Temple sat up, felt the bandages on his jaw. He smiled at Stephanie,
told her he loved her and meant it. It was exactly as if she had
returned from the grave and in his first exultation he hadn't even
thought of Sophia, who had perished all alone in the depths of space
that a world might live....

He turned to Arkalion. "Sophia?"

"We found her dead, Kit. But smiling, as if everything was worth it."

"It should have been me."

"Whoever Sophia was," said Stephanie, "she must have been a wonderful
woman, because when you got up, when you came to, her name was...."

"Forget it," said Temple. "Sophia and I have a very strange
relationship and...."

"All right, you said forget it. Forget it." Stephanie smiled down at
him. "I love you so much there isn't even room for jealousy....
Ummm ... Kit...."

"Break up that clinch," ordered Arkalion. "We're making one more stop
at Nowhere to pick up anyone who wants to return to Earth. Some of 'em
probably won't but those who do are welcome...."

"Jason will stay," Temple predicted. "He'll be a leader out among the
stars."

"Then he'll have to climb over my back," Alaric III predicted happily,
his eyes on the viewport hungrily.

Temple's jaw throbbed. He was tired and sleepy. But satisfied. Sophia
had died and for that he was sad, but there would always be a place
deep in his heart for the memory of her: delicious, somehow exotic,
not a love the way Stephanie was, not as tender, not as sure ... but
a feeling for Sophia that was completely unique. And whenever the
strangeness of the far-future Earth frightened Temple, whenever he
felt a situation might get the better of him, whenever doubt clouded
judgment, he would remember the tall lithe girl who had walked to her
death that a world might have the freedom she barely had tasted. And
together with Stephanie he would be able to do anything.

Unless, he thought dreamily as he drifted off to sleep, his head
pillowed again on Stephanie's lap, he'd wind up with a bum jaw the rest
of his life.

       *       *       *       *       *

Milton Lesser started reading science-fiction in 1939, and began
writing it in 1949. Since then he has had a myriad stories and novels
published under many pen-names.

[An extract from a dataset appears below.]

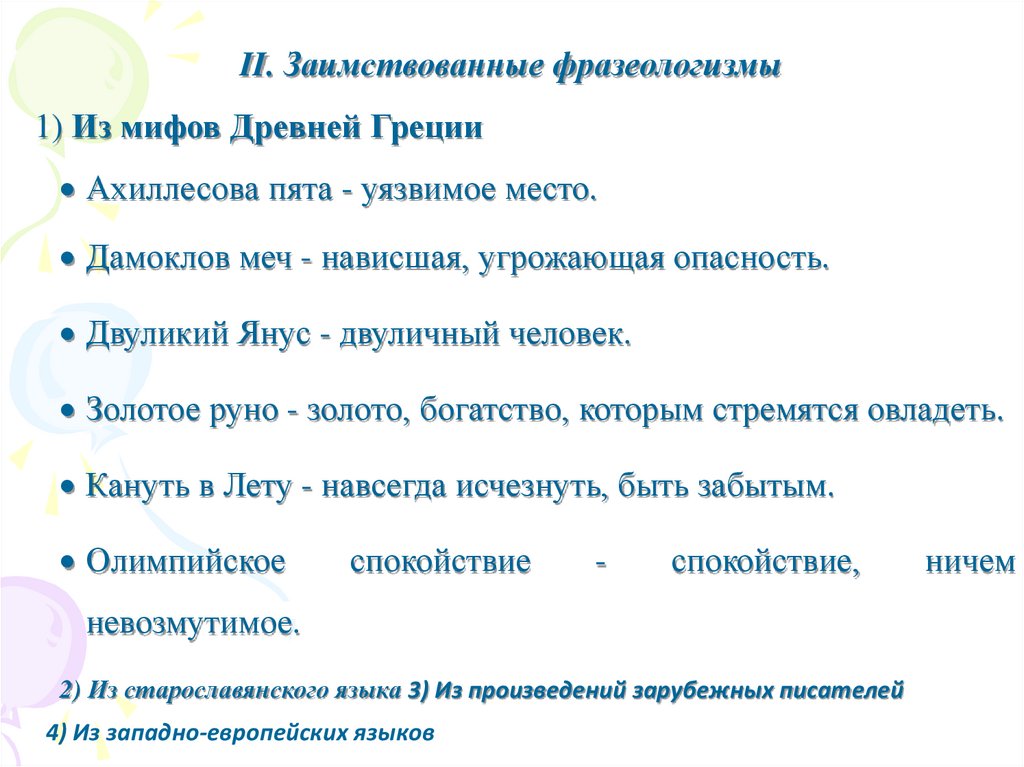II. Заимствованные фразеологизмы1) Из мифов Древней Греции

Of this novel, he writes:

    "Along with a lot of other people, I like to write about the first
    interstellar voyage. The reason is simple. Once mankind gets out
    to the stars and begins to spread out across the galaxy, he'll be
    immortal despite his best--make that _worst_--efforts to destroy
    himself. You can destroy a world, maybe a dozen worlds, but spread
    humanity out thin among the stars, colonies here, there, and all
    over, and he's immortal. He'll live as long as there's a universe
    to hold him.

    "I know interstellar travel is a long way off, but science has a way
    of leaping ahead in geometric, not arithmetic progression. A hundred
    years? Perhaps we'll have our first starship then. Let's hope so.
    For if man can survive the next hundred years--the hardest hundred,
    I believe--he'll reach the stars and go on forever."